◆ What the exercise asks ◆
An exact copy of all the data below is needed, without its pictures.

◆ Information supplied ◆
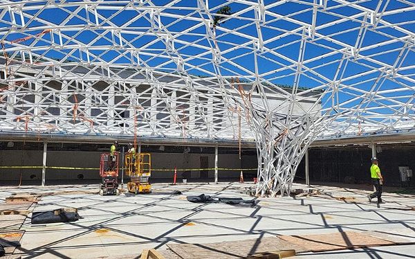 Studio Other Spaces (SOS) 由藝術家奧拉維爾·埃利亞松 (Olafur Eliasson) 和建筑師塞巴斯蒂安·貝曼 (Sebastian Behmann) 創立,推出了“Common Sky”,是個由玻璃和鏡子組成的天篷,包圍了紐約布法羅AKG藝術博物館Seymour H. Knox 大樓的庭院。這件藝術品為博物館的擴建增添了引人注目的元素,并與OMA領導的歷史悠久的校園正在進行的翻修工作無縫銜接。
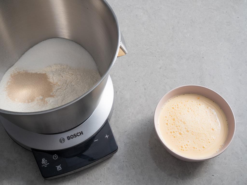 Do miski przesiej mąkę i dokładnie wymieszaj, dodaj drożdże, cukier i cukier wanilinowy.
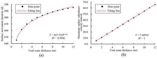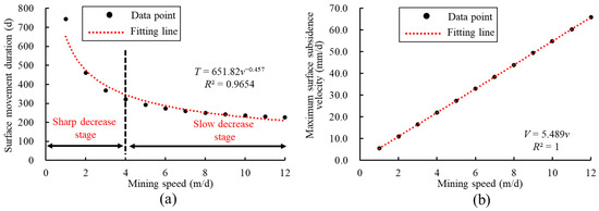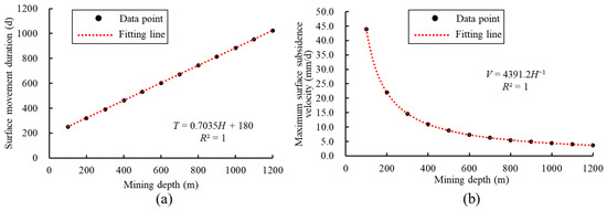 By substituting Formula (14) and Formula (16) into Formula (7) and Formula (11), respectively, the expressions of the surface subsidence duration and the maximum subsidence velocity can be obtained, respectively. The two prediction models established can consider the comprehensive influence of mining parameters, and their applicability is more extensive.

◆ Answer to this exercise ◆
 Studio Other Spaces (SOS) 由藝術家奧拉維爾·埃利亞松 (Olafur Eliasson) 和建筑師塞巴斯蒂安·貝曼 (Sebastian Behmann) 創立,推出了“Common Sky”,是個由玻璃和鏡子組成的天篷,包圍了紐約布法羅AKG藝術博物館Seymour H. Knox 大樓的庭院。這件藝術品為博物館的擴建增添了引人注目的元素,并與OMA領導的歷史悠久的校園正在進行的翻修工作無縫銜接。
 Do miski przesiej mąkę i dokładnie wymieszaj, dodaj drożdże, cukier i cukier wanilinowy.
 By substituting Formula (14) and Formula (16) into Formula (7) and Formula (11), respectively, the expressions of the surface subsidence duration and the maximum subsidence velocity can be obtained, respectively. The two prediction models established can consider the comprehensive influence of mining parameters, and their applicability is more extensive.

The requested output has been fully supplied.